A burst of light swept through the closet as the door opened. Logan fell backwards into the hallway, landing on Gene’s shoes. Louise squinted at the suddenly blinding light, blinking as her brother came into view. He was grinning down at her, his eyes flitting back between Louise and Logan.
Gene waggled his eyebrows. “I’m sorry, did I interrupt?”
Logan sat up and locked eyes with Louise for only a brief second, yet in that moment, an understanding passed between them. Their conversation had never happened. Logan had never apologized and tried being vulnerable. Louise had certainly not been open to listening and new potentials. The fleeting instance of being normal had never happened. It was simply a glitch in the universe.
Louise stood up quickly and stepped over Logan, ignoring his outstretched hand for help. “You only interrupted the worst form of torture. What took you so long?”
Gene put a hand on his hip. “I’ll have you know, I had to catch up with a very important friend of mine. Mr. Branca, who gave me the keys.”
Logan hoisted himself up and brushed off his jeans. He stepped past Louise and into the hallway, sparing Gene a swift glance. “I guess I should thank you, but I’ve vowed to never thank a Belcher.” He turned to Louise, gave a curt nod, and said, “Later, Four Ears.”

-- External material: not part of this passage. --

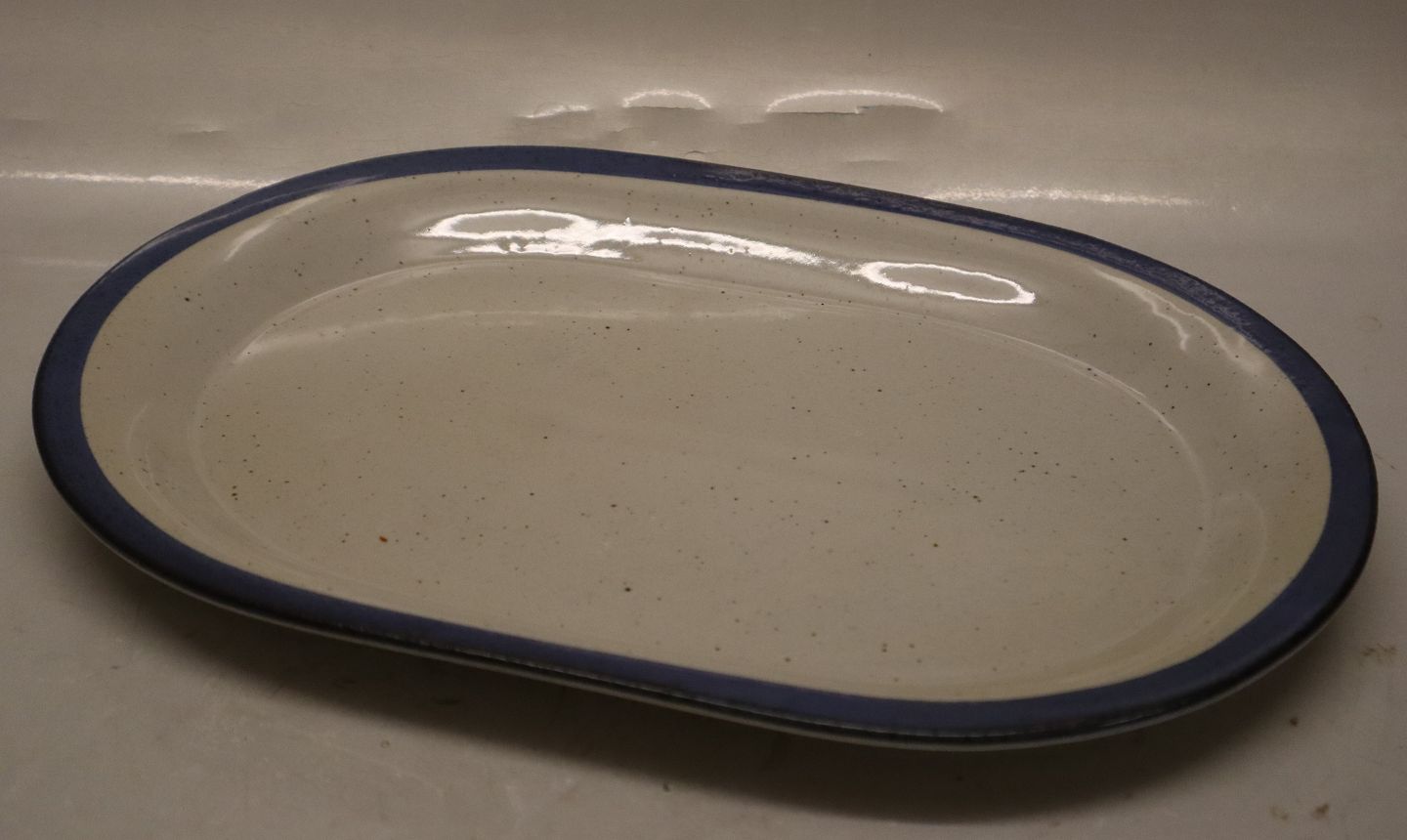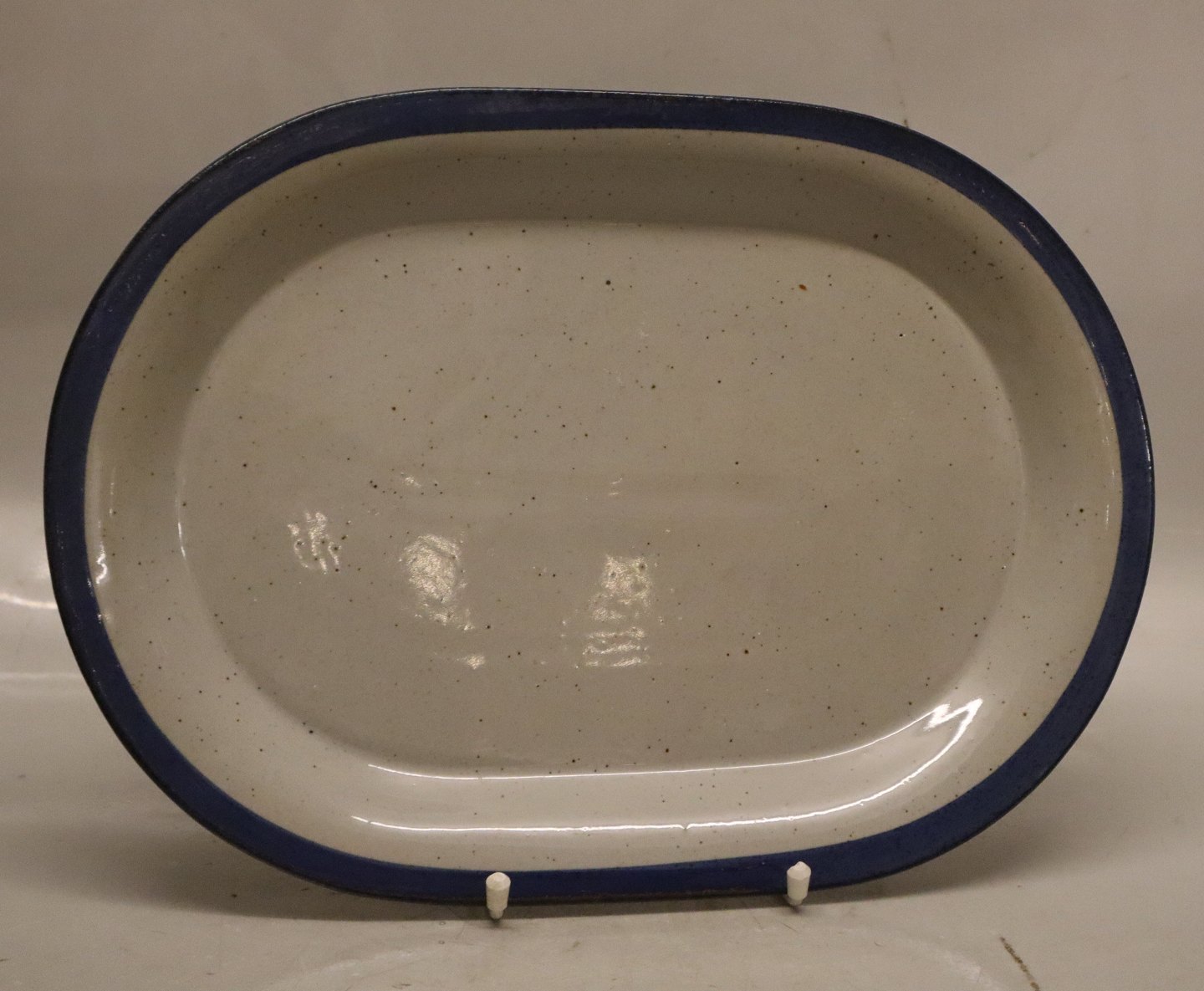 Ovalt fad 36.5 x 26 cm Christine gråt og blåt Stentøjs Spisestel Knabstrup

Gene and Louise watched him walk away, rounding the corner and disappearing. Her brother wrinkled his nose at the sight. “You’re right, sis. I should’ve been quicker. You were stuck with that for an hour.”
It had been a whole hour? Louise hadn’t even realized. She shook her head, hoping that all thoughts of the weird moment she had with her enemy would fall out of her memory. “Yeah,” she muttered. “It sucked.”